=== Section Start ===

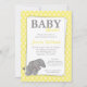 Uma ilustração fofinha de elefante para bebês é mostrada neste doce convite de chá de fraldas neutro em gênero. Mostrada em cinzas, amarela e branca. Trendy e único! Gráficos © www.scrappindoodles.com
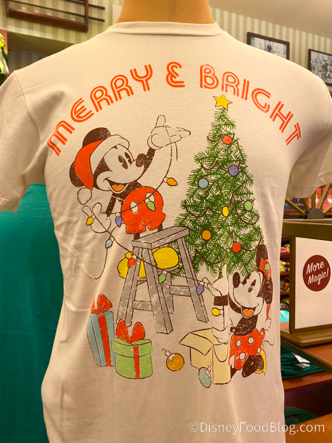 Can you believe it’s already Christmastime in Disney World as 2020 comes to a swift close? While we are SO ready to stuff our faces with turkey and gingerbread soon, we also can’t wait to wear some of the new holiday shirts we found in the Emporium as well. You can make each day “Merry and Bright” in this Mickey and Minnie Tee…
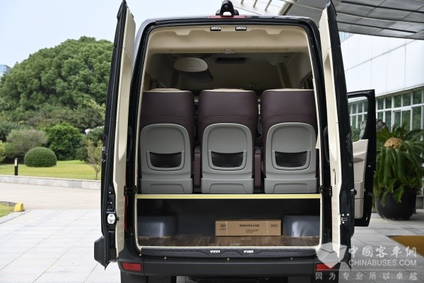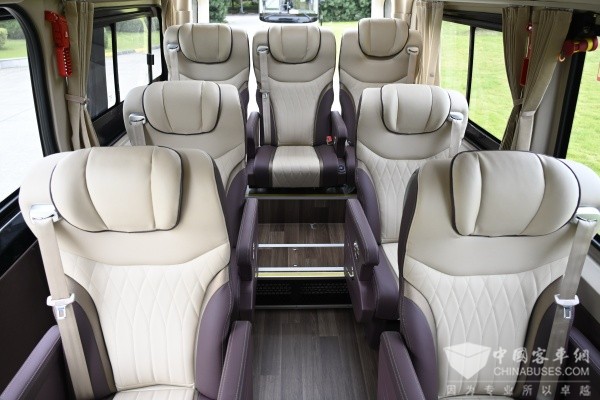 司乘分离的特点,搭配上C照可驾的独特优势,完美契合当前盛行的“青甘大环线”等定制化小团出行需求,让4-8人小团旅客在旅途中尽享尊贵体验。在乘坐舒适性方面,车辆搭载的1+1大商务豪华座椅集通风、加热、气动按摩功能于一身,叠加电动伸缩踏步、豪华踏步迎宾灯,让乘客从踏步上车开始即可感受“五星级”旅游,真正实现“全员VIP”的出行理念。
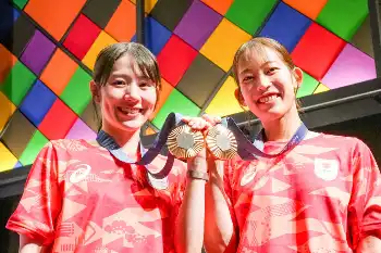 志田千陽(27)、松山奈未(26=ともに再春館製薬所)組は同種目の日本勢では12年ロンドン大会銀の藤井瑞希、垣岩令佳組、16年リオデジャネイロ大会金の松友美佐紀、高橋礼華組に続くメダルを獲得。今後は取材などスケジュールが多忙だという。志田は「すごく忙しくなるのかなって感じ。そういう部分ではメダリストになったんだっていう実感もある。日本は暑くて、ここで過ごしていけるのか」と笑顔で語った。

=== Section End ===

Your task is to retype the listing exactly, without its pictures.

 Uma ilustração fofinha de elefante para bebês é mostrada neste doce convite de chá de fraldas neutro em gênero. Mostrada em cinzas, amarela e branca. Trendy e único! Gráficos © www.scrappindoodles.com
 Can you believe it’s already Christmastime in Disney World as 2020 comes to a swift close? While we are SO ready to stuff our faces with turkey and gingerbread soon, we also can’t wait to wear some of the new holiday shirts we found in the Emporium as well. You can make each day “Merry and Bright” in this Mickey and Minnie Tee…
 司乘分离的特点,搭配上C照可驾的独特优势,完美契合当前盛行的“青甘大环线”等定制化小团出行需求,让4-8人小团旅客在旅途中尽享尊贵体验。在乘坐舒适性方面,车辆搭载的1+1大商务豪华座椅集通风、加热、气动按摩功能于一身,叠加电动伸缩踏步、豪华踏步迎宾灯,让乘客从踏步上车开始即可感受“五星级”旅游,真正实现“全员VIP”的出行理念。
 志田千陽(27)、松山奈未(26=ともに再春館製薬所)組は同種目の日本勢では12年ロンドン大会銀の藤井瑞希、垣岩令佳組、16年リオデジャネイロ大会金の松友美佐紀、高橋礼華組に続くメダルを獲得。今後は取材などスケジュールが多忙だという。志田は「すごく忙しくなるのかなって感じ。そういう部分ではメダリストになったんだっていう実感もある。日本は暑くて、ここで過ごしていけるのか」と笑顔で語った。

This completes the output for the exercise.